The Securities’ Registry (Registro del Mercado de Valores y Mercancías) is much more than just a “registry” – it is the main regulator. It has powers of oversight of all issuers. However, the exchanges are self-regulatory organisations (SROs) and therefore have regulatory and enforcement functions as well.
Violations of Required Disclosure and Consequent Penalties
The Securities and Securities Exchange Act of 1996 is the principal set of rules concerning the disclosure of information when offering securities. Violations include:
Public Market v Private Market
Most of the issuers go to the Securities Exchange, even for the initial placement of their securities. Most of the private securities issued consist of commercial paper and the investors belong mostly to the financial sector, investment funds, and pension funds (of a private character). The private market issuing of securities is, to all intents and purposes, inexistent. The main statistics for the several markets can be found at www.bvnsa.com.gt.
It is not a common practice that legal opinions are sought as to compliance with the rules concerning disclosure and registration. However, the exchange does require a legal opinion by independent counsel, as to this effect.
There are no special rules concerning disclosure for the securitisation processes. However, two bills are being prepared to amend the Securities Act and Securities Exchange Act of 1996 and these do include standard securitisation rules. It is expected that these bills will be introduced in 2020.
For related matters, please refer to 4.1 Specific Disclosure Laws or Regulations.
In Guatemala, there are no laws or regulations on credit risk retention.
For those securitisations that are publicly offered, the main source of regulation is the Securities and Securities Exchange Act of 1996.
Section 40 of the Act requires a basic duty to update the financial information provided by the issuer on a quarterly basis, in addition to any amendment to corporate statutes and the annual report to the shareholders (where applicable). The annual report of the external auditors to the shareholders must also be disclosed.
The Securities’ Registry and, when listed on an exchange, the Securities Exchange, regulate and are also charged with the enforcement of the rules concerning the updating of information. The penalties for non-compliance can include fines and also the cancellation of the authorisation to issue and trade in the securities.
The Securities and Securities Exchange Act of 1996 does not specifically regulate rating agencies (RAs), but does require that the issuers of debt securities seek and obtain a rating before issuing their securities.
The rating can be rendered by a local or regional rating agency registered with the Securities Registry.
There are very few regulations on rating agencies, beyond the obligation to register with the Securities Registry, which requires basic information to determine that the interested RA has the means to operate as such.

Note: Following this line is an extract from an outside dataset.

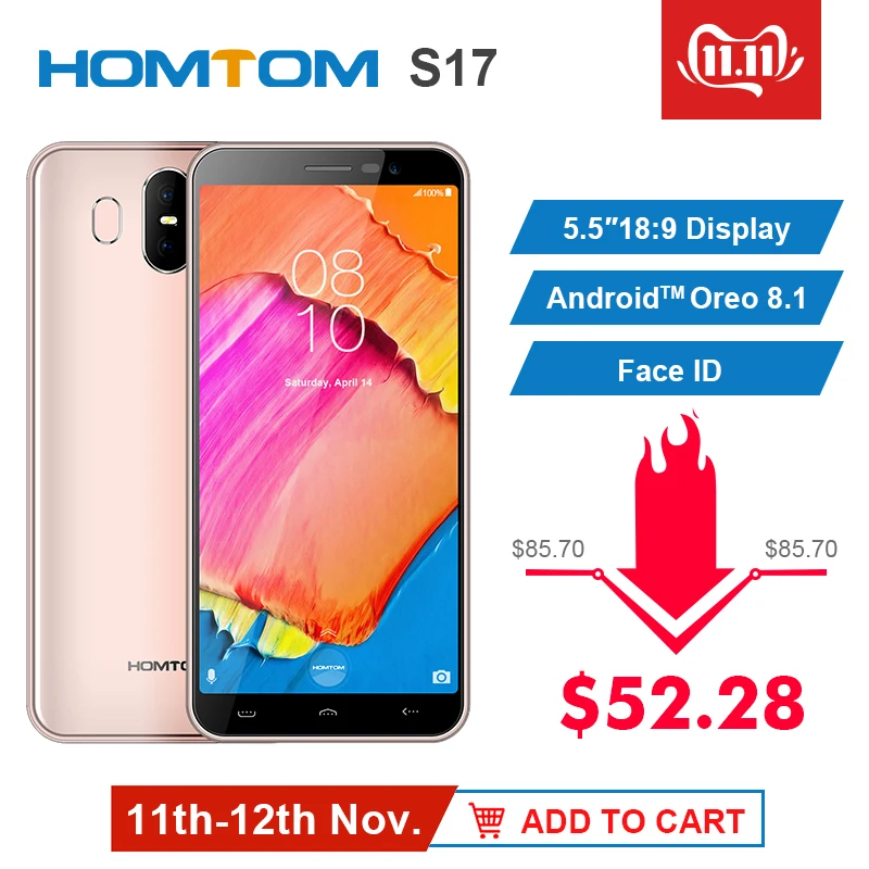 Special Offer HOMTOM S17 Android 8.1 Quad Core 5.5 \"189 affichage complet Smartphone empreinte digitale visage ID 2 GB RAM 16 GB ROM 13MP + 8MP téléphone portable Discount 34% Today!
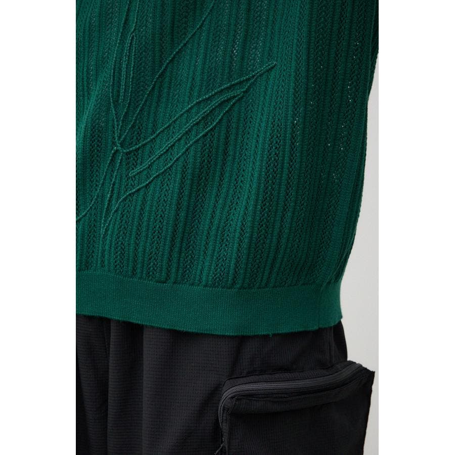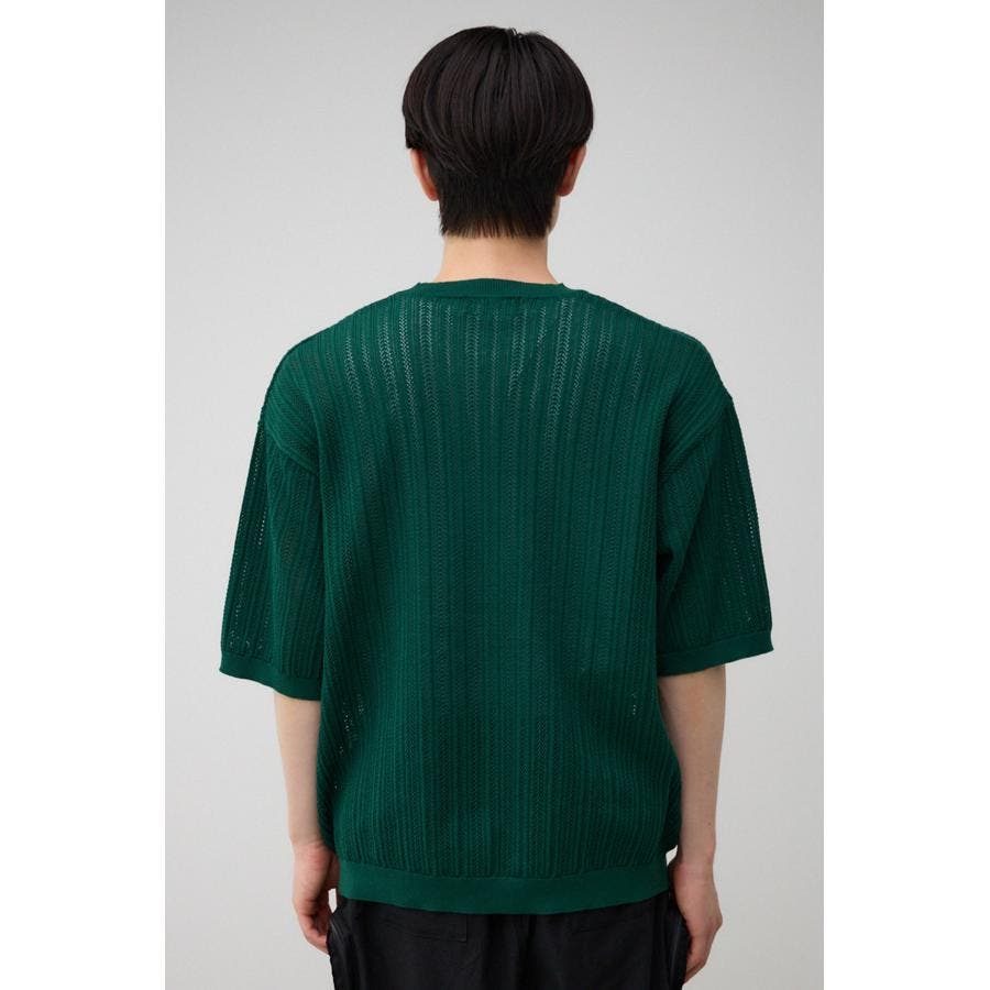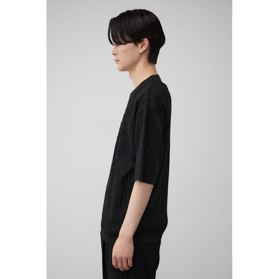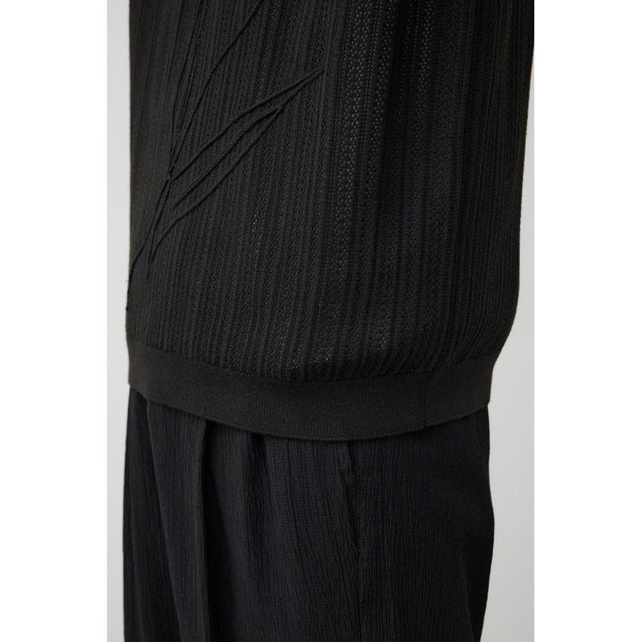 ■素 材:綿ライクな素材を使用し、透かし柄に編み立てた素材です。ストレッチ糸と一緒に編むことで、適度な肉感を演出。

In general, the banking laws of Guatemala have followed the Basel rules and the Monetary Board has the power to issue regulations to develop the basic legal provisions. However, at this point there are no rules applicable specifically to securitisation processes.
Capital requirements are, in general, 10% of the computable equity of the banks. Insurance companies must invest a certain portion of their technical reserves in securities and other financial assets issued by the State, the Central Bank, and/or the regulated banking system. Banking reserves vary, but are set at approximately 14% of sight deposits.
The regulation of capital requirements and liquidity reserves corresponds to the Monetary Board.
There are no rules on giving capital or liquidity benefit for any transaction that complies with comparable BASEL or IOSCO regimes.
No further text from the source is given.